Felbatol
PATIENT INFORMATION
PATIENT INFORMATION/CONSENT
FELBATOL® (felbamate) SHOULD NOT BE USED BY PATIENTS UNTIL THERE HAS BEEN A COMPLETE DISCUSSION OF THE RISKS AND WRITTEN INFORMED CONSENT HAS BEEN OBTAINED.
IMPORTANT INFORMATION AND WARNING:
Felbatol®, taken by itself or with other prescription and/or non-prescription drugs, can result in severe, potentially fatal blood abnormality (“aplastic anemia”) and/or severe, potentially fatal liver damage.
PATIENT CONSENT:
My [My son, daughter, ward, ____________________________________________'s] treatment with Felbatol® has been personally explained to me by Dr.___________________________________ .
The following points of information, among others, have been specifically discussed and made clear and I have had the opportunity to ask any questions concerning this information:
- I, _______________________________________________________________ (Patient's Name), understand that Felbatol® is used to treat certain types of seizures and my physician has told me that I have this type(s) of seizures; INITIALS: __________________________
- I understand that Felbatol® is being used since my seizures have not been satisfactorily treated with other antiepileptic drugs; INITIALS: __________________________
- I understand that there is a serious risk that I could develop aplastic anemia and/or liver failure, both of which are potentially fatal, by using Felbatol®; INITIALS: __________________________
- I understand that there are no laboratory tests which will predict if I am at an increased risk for one of the potentially fatal conditions; INITIALS: __________________________
- I understand that I should have the recommended blood work before my treatment with Felbatol® is begun (baseline) and periodically thereafter as clinical judgement warrants. I understand that although this blood work may help detect if I develop one of these conditions, it may do so only after significant, irreversible and potentially fatal damage has already occurred; INITIALS: __________________________
- If I am currently taking another antiepileptic drug, I understand that the manufacturer of Felbatol® recommends that the dosage of these other drugs be decreased by a certain amount when Felbatol® is started; if my physician determines that this should not be done in my case, he/she has explained the reason(s) for this decision; INITIALS: __________________________
- I understand that I must immediately report any unusual symptoms to Dr. __________________________ and be especially aware of any rashes, easy bruising, bleeding, sore throats, fever, and/or dark urine; INITIALS: __________________________
I now authorize Dr. _____________________________________________ to begin my treatment with Felbatol®; OR, if my treatment has already begun with Felbatol®, to continue such treatment.

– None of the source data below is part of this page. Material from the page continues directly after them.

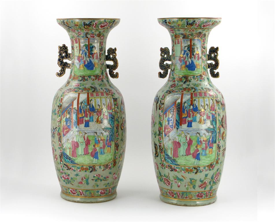 A large pair of Chinese Canton celadon ground vases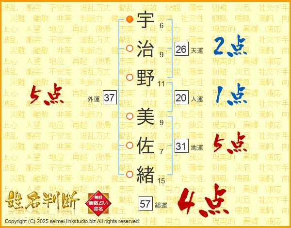 宇(6画)治(9画)野(11画) 美(9画)佐(7画)緒(15画)
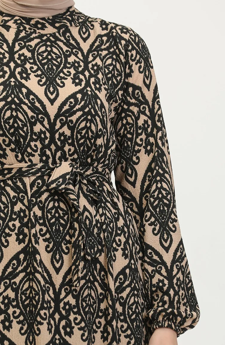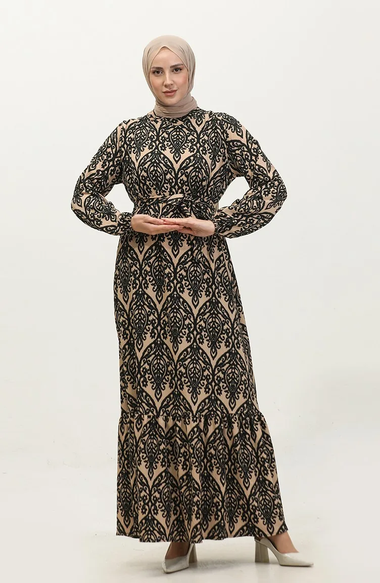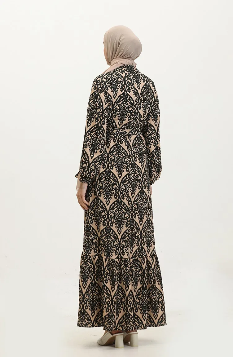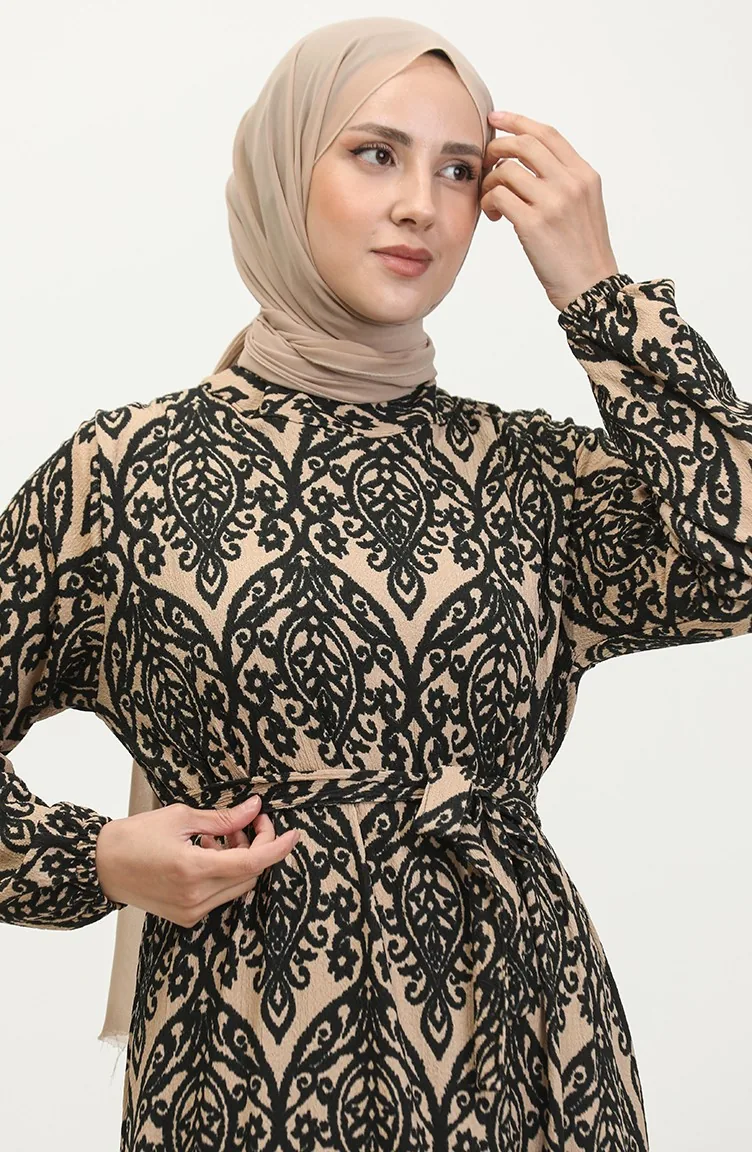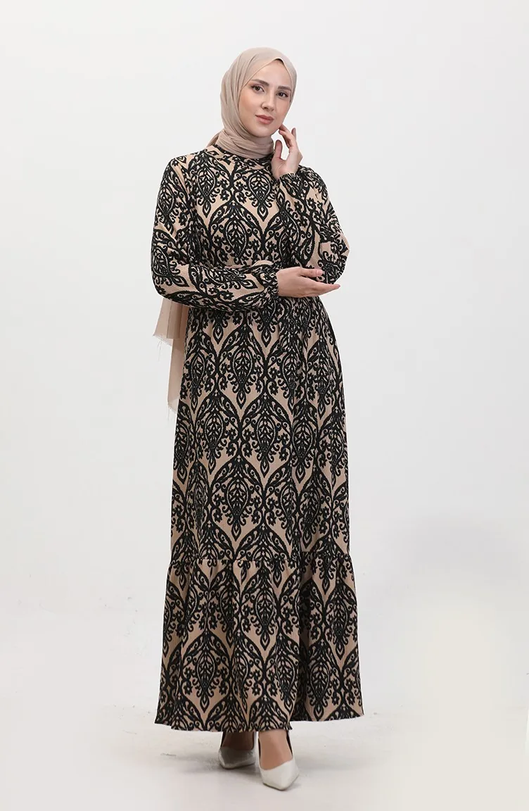 فستان فيسكوز منقوش 0348-03 بني فاتح أسود 0348-03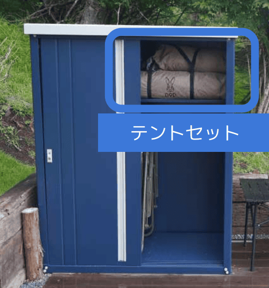テントセットはネイビーの物置の上段右にあります。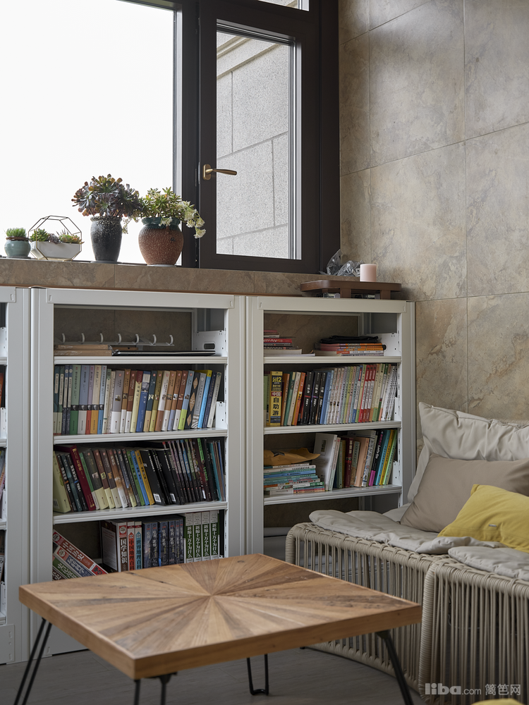 改造后将原来露台封顶作为一个休息区+书吧设计,一屋两用提高空间的使用率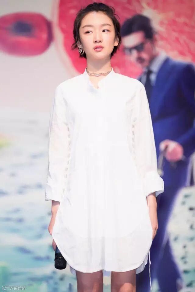 周冬雨選擇了Chloe長款白色襯衫,搭配她俏皮的精靈頭,美出新高度。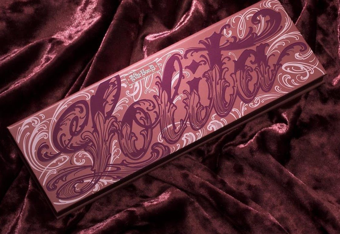 Here's the overview. The small palette design features the signature KVDB gothy graphics. The range also includes a Lolita Everlasting Glimmer Veil, which is a topcoat aka a lip gloss, and a rose-toned Inkwell Liquid eyeliner.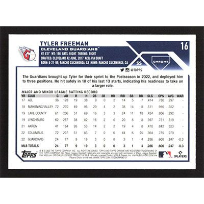 This is a 2023 Topps Chrome Pink Refractors Tyler Freeman baseball card. The card is #16 and pictures show condition. Team(s): Cleveland Guardians Rookie Card (RC)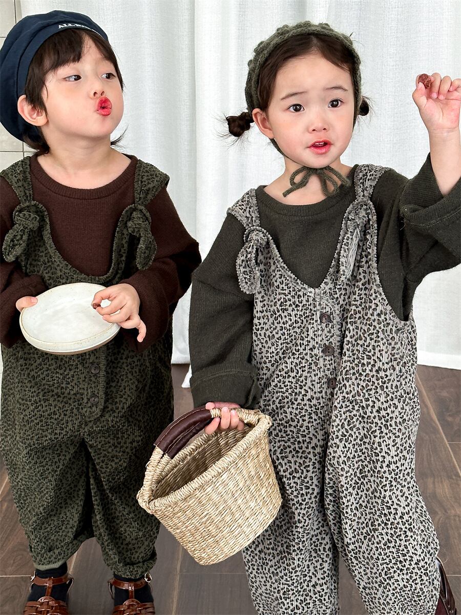 ・ヒョウ柄コーデュロイサロペット (ライトグレー/カーキ) JIAY 2024秋 韓国子供服 アニマル柄 豹柄 オーバーオール オールインワン (80~140cm) 《取寄》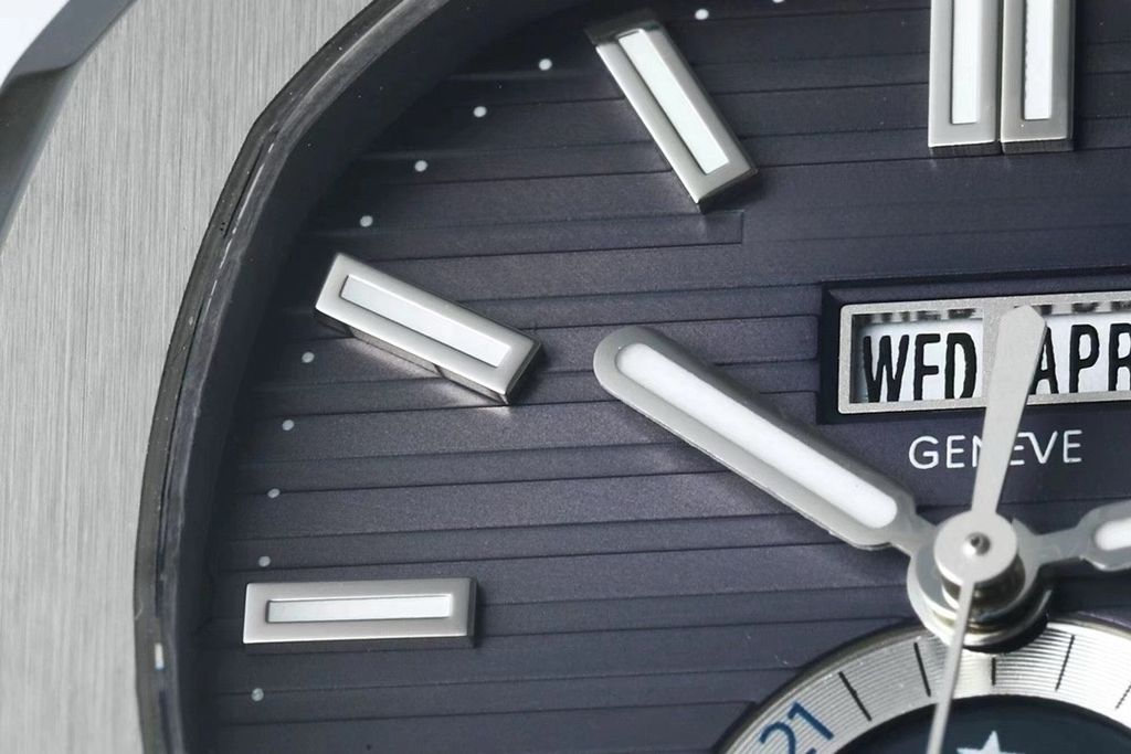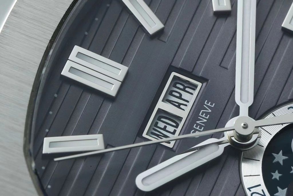 PPF Factory Luxury Replica Patek Philippe Sport Elegance Series Nautilus Annual Calendar Watch 5726 Business Formal Dark Gray Embossed Dial Stainless Steel Strap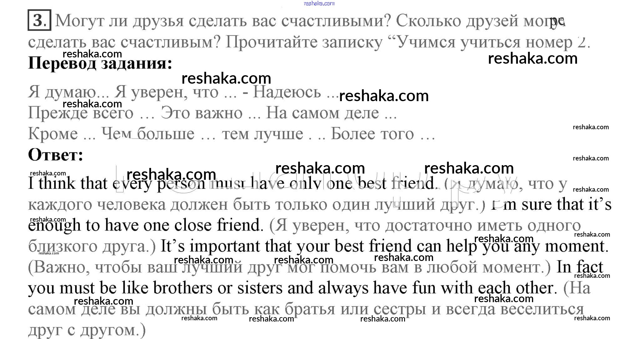Представляем вам сборники по Английскому языку, с готовыми ответами к Учебнику Кузовлев школьной программы для учеников седьмой класса. Это не просто гдз с ответом, а с подсказками, как верно решить Lesson 4 Unit 5. Are you happy with your friends? 3. Проверяй домашку с умом и получай высший балл!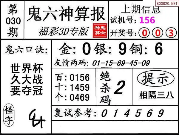 鬼六图26030期鬼六神算报+鬼六胆码图迷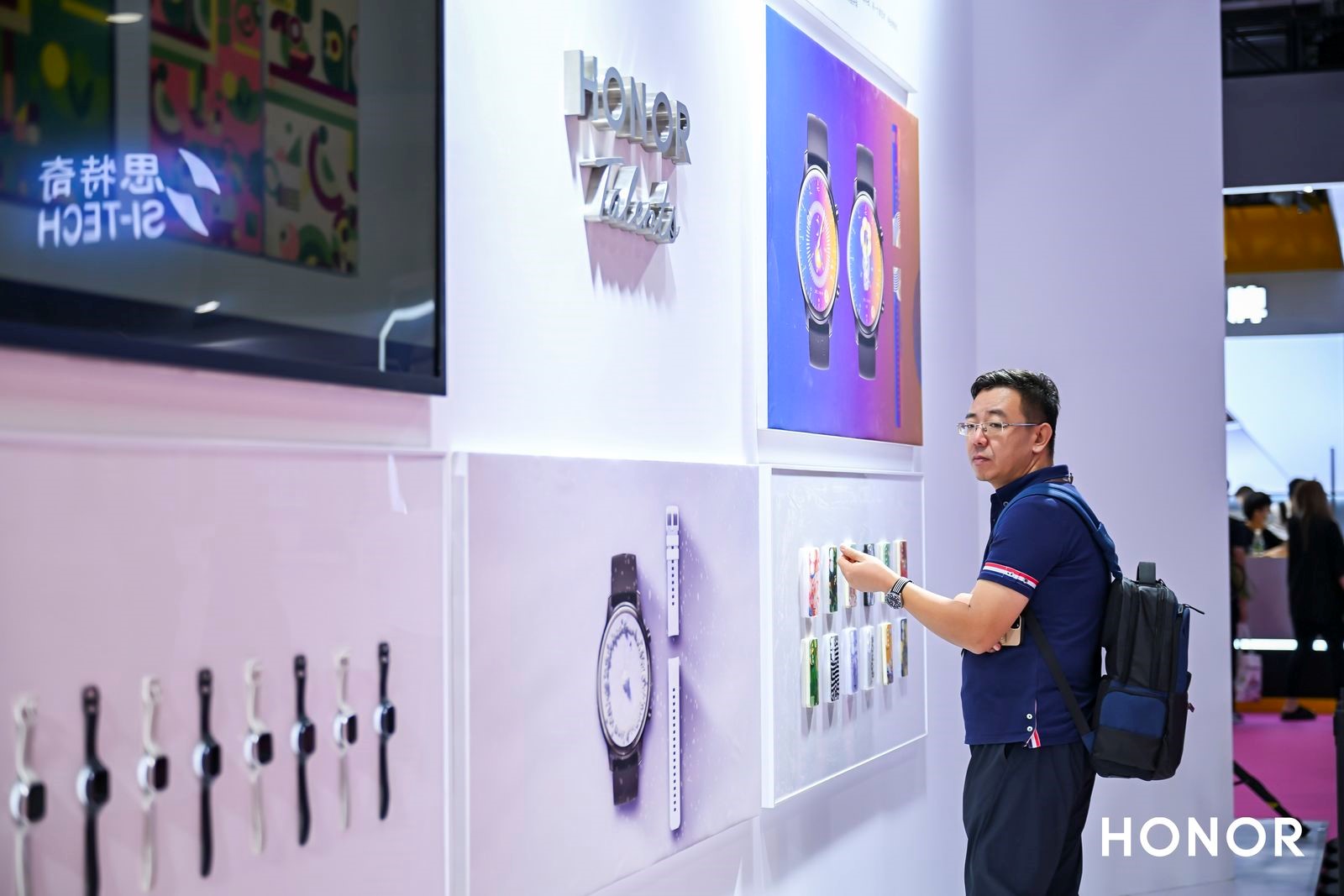行业解决方案区则重点分享了荣耀基于多场景的业务需求,面向政企客户所提供的专业定制、安全隔离、加密通信、智能管控等多个专属服务和一体化解决方案;此外,荣耀还特别开设了HONOR Talents展区,展出多幅HONOR Talents荣耀全球设计大赛优秀获奖作品,到场观众可现场感受科技与艺术结合的创新之美。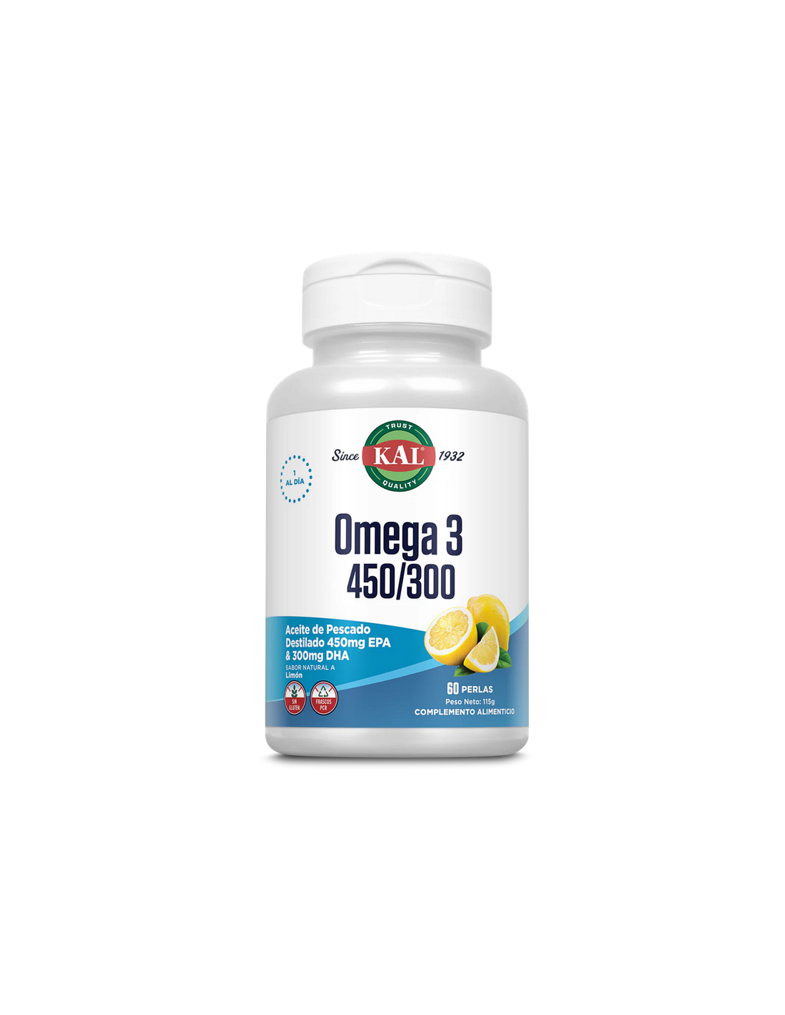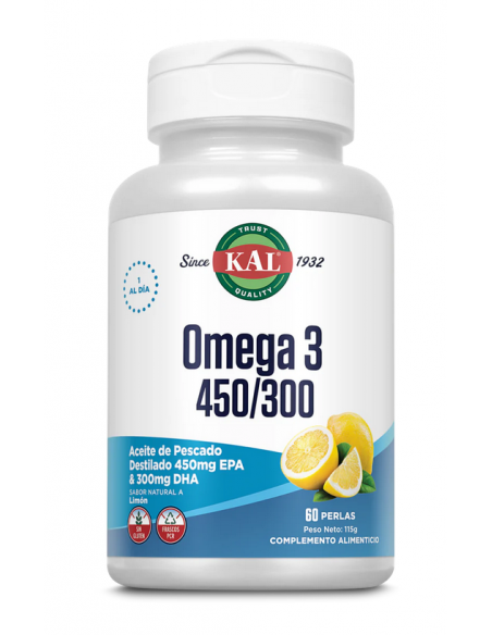 El complemento nutricional Omega 3 450/300 de Kaltiene sabor natural a limón,con ácidos grasos esenciales que apoyan al cuerpo. Contiene EPA y DHA, dos tipos de ácidos grasos Omega-3 que contienen múltiples propiedades para ayudar al normal funcionamiento del cerebro, el corazón y la piel. Además, estos ácidos grasos pueden ayudar al bienestar emocional, a regular el humor y a la normal respuesta emocional ante el estrés. Puede ser de ayuda para las personas que sufren de alteraciones estacionales del estado de ánimo. Los ácidos grasos de Omega 3 Kal, EPA y DHA se encuentran naturalmente en los alimentos de origen marino, como el pescado, pero también están disponibles en forma de suplementos. El EPA es conocido por ayudar a mantener el sistema cardiovascular en condiciones normales. Por otro lado, el DHA puede ayudar al desarrollo y la función del cerebro y la vista.

_____________________________________________
Patient,
Parent, or Guardian
_____________________________________________
Address
_____________________________________________
Telephone
PHYSICIAN STATEMENT:
I have fully explained to the patient, __________________________________________, the nature and purpose of the treatment with Felbatol® (felbamate) and the potential risks associated with that treatment. I have asked the patient if he/she has any questions regarding this treatment or the risks and have answered those questions to the best of my ability. I also acknowledge that I have read and understand the prescribing information listed above.
_________________________________________________
Physician Date
NOTE TO PHYSICIAN: It is strongly recommended that you retain a signed copy of the informed consent with the patient's medical records.
SUPPLY OF PATIENT INFORMATION/CONSENT FORMS:
A supply of “Patient Information/Consent” forms as printed above is available, free of charge, from your local Wallace representative, or may be obtained by calling 1-800-526-3840. Permission to use the above Patient I nformation/Consent by photocopy reproduction is also hereby granted by MedPointe Healthcare Inc.